Anggota Komisi VIII DPR RI dari Fraksi Gerindra, Endro Hermono, bersama Kementerian Agama RI telah menyalurkan bantuan Program Indonesia Pintar (PIP) kepada siswa madrasah di Kota Blitar yang berasal dari keluarga miskin dan rentan miskin. Bantuan ini merupakan upaya untuk mencegah siswa putus sekolah dan memperluas akses pendidikan yang berkeadilan di lingkungan madrasah.
Tujuan Program Indonesia Pintar
Program Indonesia Pintar (PIP) ini dirancang untuk mengurangi kesenjangan pendidikan bagi siswa yang kurang mampu. Selain itu, program ini juga menjadi bagian dari komitmen pemerintahan Prabowo Subianto dalam mencegah putus sekolah dan memastikan anak-anak dari keluarga miskin mendapatkan akses pendidikan yang layak. Bantuan ini mencakup siswa Madrasah Ibtidaiyah (MI) dan Madrasah Aliyah (MA).
Dalam kegiatan penyaluran tersebut, sebanyak 140 siswa MI Pesantren Tanggung menerima bantuan sebesar Rp450.000 per orang. Sementara itu, 70 siswa MA Negeri Blitar mendapatkan bantuan sebesar Rp1.800.000 per siswa.
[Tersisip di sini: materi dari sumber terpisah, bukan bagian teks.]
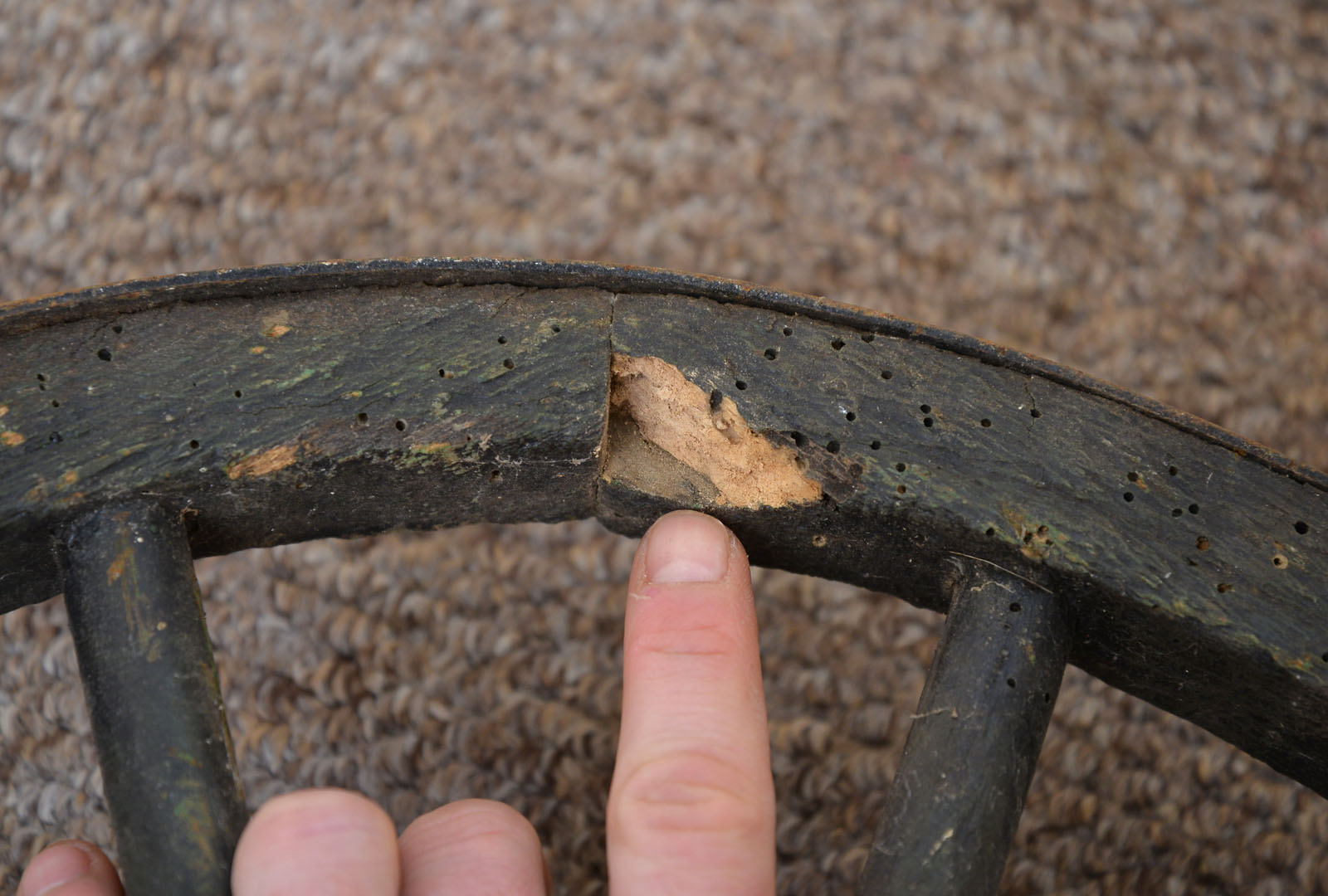PLEASE NOTE: there is a small woodworm damage to outside rim as last picture shows

Dana ini ditujukan untuk memenuhi berbagai kebutuhan pendidikan di luar dukungan dari Bantuan Operasional Sekolah (BOS).
Dukungan Biaya Pendidikan dan Pencegahan Putus Sekolah
Endro Hermono menyatakan bahwa bantuan ini diharapkan dapat meringankan beban biaya pendidikan bagi siswa dari keluarga kurang mampu. “Bantuan ini diharapkan dapat meringankan beban biaya pendidikan bagi siswa dari keluarga kurang mampu. Kami ingin memastikan bahwa tidak ada anak yang terhambat dalam mendapatkan pendidikan yang layak. Tujuan utama dari program ini adalah untuk mencegah putus sekolah dan meningkatkan akses pendidikan bagi anak-anak kita dari keluarga miskin,” kata Endro dalam keterangan tertulisnya pada Selasa (13/1/2026).
Menurut Endro, Program Indonesia Pintar memiliki tujuan utama untuk menghapus hambatan ekonomi, mencegah putus sekolah, serta mendukung pemenuhan biaya pendidikan seperti seragam, alat tulis, dan transportasi. Lebih lanjut, PIP juga berupaya meningkatkan partisipasi pendidikan bagi anak usia 6 hingga 21 tahun dan mendukung pelaksanaan wajib belajar 12 tahun.
“Dengan adanya bantuan ini, kami optimis siswa-siswa akan tetap bersekolah hingga menyelesaikan pendidikan mereka,” tambah Endro.
Komitmen Pendidikan Berkeadilan
Endro menegaskan bahwa PIP merupakan cerminan komitmen pemerintah dalam mewujudkan pendidikan yang berkeadilan dan inklusif. “Kami ingin semua anak, terutama mereka dari keluarga miskin, mendapatkan peluang pendidikan yang sama,” tegasnya.
Sebagai Ketua DPC Partai Gerindra Kota Blitar, Endro berharap penyaluran PIP dapat membangkitkan semangat belajar dan memperkuat motivasi siswa untuk melanjutkan pendidikan ke jenjang yang lebih tinggi. Ia menilai, dukungan pendidikan yang konsisten akan berdampak langsung pada peningkatan kualitas sumber daya manusia di daerah.
Pemerintah berharap melalui program ini, angka putus sekolah dapat ditekan secara signifikan dan mutu pendidikan terus meningkat, khususnya di kalangan siswa madrasah. “Program PIP sebagai bagian dari upaya pemerintah, menjadi salah satu solusi dalam menciptakan pendidikan yang lebih merata dan berkeadilan bagi seluruh anak bangsa,” pungkasnya.